Bill Weitkemper, Jim Meyer and Andrea Waner are seeking a three-year term representing the Second Ward, while incumbent Betsy Peters and challengers Randy Minchew and Philip Merriman are competing to represent the Sixth Ward. The election is April 6.

Here are the candidates’ answers to the following question:

What are your thoughts on the direction the city should take in collecting residential trash and recyclables?

Weitkemper: There are still some problems with the present system: inferior bags, trash bags and recyclables being left on the curb at residences; residential trash being put in apartment complex dumpsters and commercial dumpsters; trash scattered along streets; and many (student) residents using the wrong bags. The city indicated the reason they stopped picking up curbside recycling last winter was because of a lack of staffing. The Street Division doesn’t stop plowing snow because of a lack of staffing. The city reassigns qualified drivers from other departments to assist with snow removal operations when there is a lack of staffing. The lack of staffing was a “red herring” created by management. Picking up bag after bag, each weighing 50 pounds, is going to be much harder than picking up the previous half-full bags. Roll carts should be put back on the ballot for a vote of the people.

Meyer: In keeping with my desire for liberty and limited government, I would have the city allow people to opt out of its residential trash collection service so that, if they desired, they could contract with a private company for that service. There are several local firms that collect trash in unincorporated Boone County; there is no reason they couldn’t collect trash inside the city as well. These firms currently charge about what the city of Columbia does without limits on the number of trash bags per week and without requiring the purchase of special bags. Other firms might also enter the market offering different options if there were a larger market for them to pursue. This way people can choose the trash service that best suits their needs. People that desire a roll cart option could likely contract for that. People that prefer bag collection could contract for that.

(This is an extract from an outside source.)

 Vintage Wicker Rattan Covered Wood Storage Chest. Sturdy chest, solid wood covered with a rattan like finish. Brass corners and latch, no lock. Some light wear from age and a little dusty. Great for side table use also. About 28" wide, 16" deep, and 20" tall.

Waner: I support the goals of reducing waste in our community, having an equitable utility system and protecting the safety of city employees. We haven’t truly begun the “pay as you throw” program to be able to evaluate it as a successful solution. Every program is rough at the launch. This solution incentivizes less waste while reducing risk to our solid waste employees. We should give it a chance to work while exploring other and better options. It is crucial that we are able to revisit any and all solutions to evaluate whether they work and whether they are furthering the goals for the city. Whatever system we choose, we need to retain our city-owned utilities, as with privatization, the emphasis stops being on what the voters of Columbia want and starts being more about profit for private business.

Peters: We need to go to roll carts if the citizens are willing, but right now there is a voter-initiated, voter-approved ban on roll carts in Columbia. I believe we need to use city refuse collectors, not outsource. This allows us to pick up the trash in each area, keeping the roll carts at the curb only once/week. These are good-paying, union jobs for our citizens. Numerous private trash companies will mean roll carts out multiple days of the week and will increase wear and tear on the roads. For residents who may be elderly or differently-abled, the city can arrange to have the refuse collector roll the cart from your home to the trash truck and return it to your house.

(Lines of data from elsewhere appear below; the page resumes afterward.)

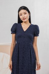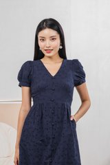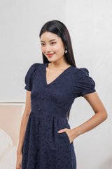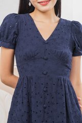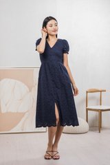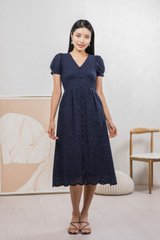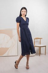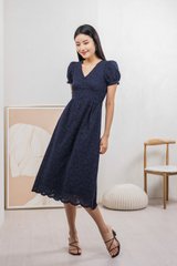 Hansel Eyelet Empire Midi Dress In Navy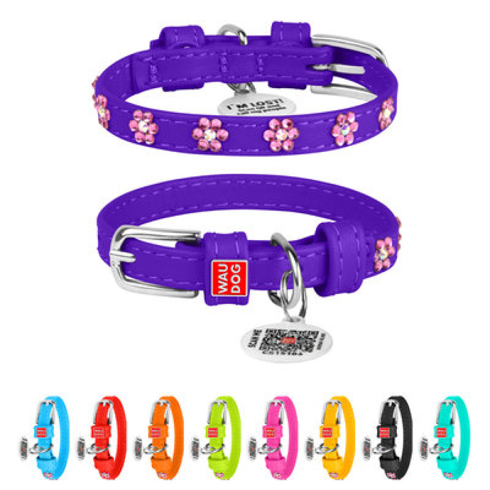 Ошейник для собак WAUDOG Glamour кожаный фиолетовый со стразами "Цветы" и QR паспортом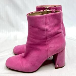 Sam Edelman Codie Pink Suede Black Heel Ankle Booties – Size 6.5
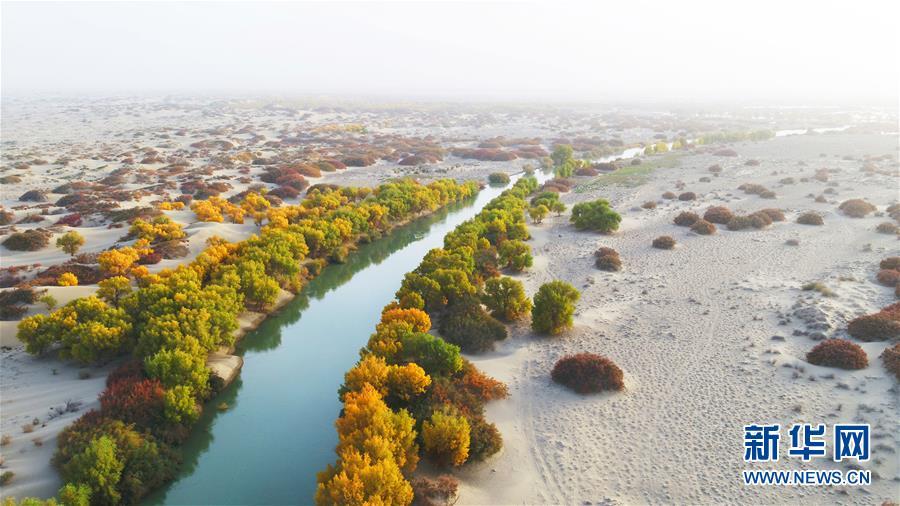 塔里木河在塔克拉玛干与库姆塔格两座沙漠之间流过,两岸的胡杨林构成一道绿色走廊(2017年10月15日无人机拍摄)。 新华社发(肖玉磊 摄)

Minchew: The city should not be in the trash bag business, and they are just asking for more grief from the public by trying this system. The other problem is the unintended consequence of this heavy-handed system.Trash will be thrown in areas where we don’t want trash. From the feedback I am hearing, the latest effort forcing people to use city logo bags has not been received well. It appears the city is trying to strong-arm people to act in a way that suits the city but does not take into account the issues that are important to the voters. I think City Council missed an opportunity to listen to the citizens of Columbia and also misjudged how important trash collection is to all of us.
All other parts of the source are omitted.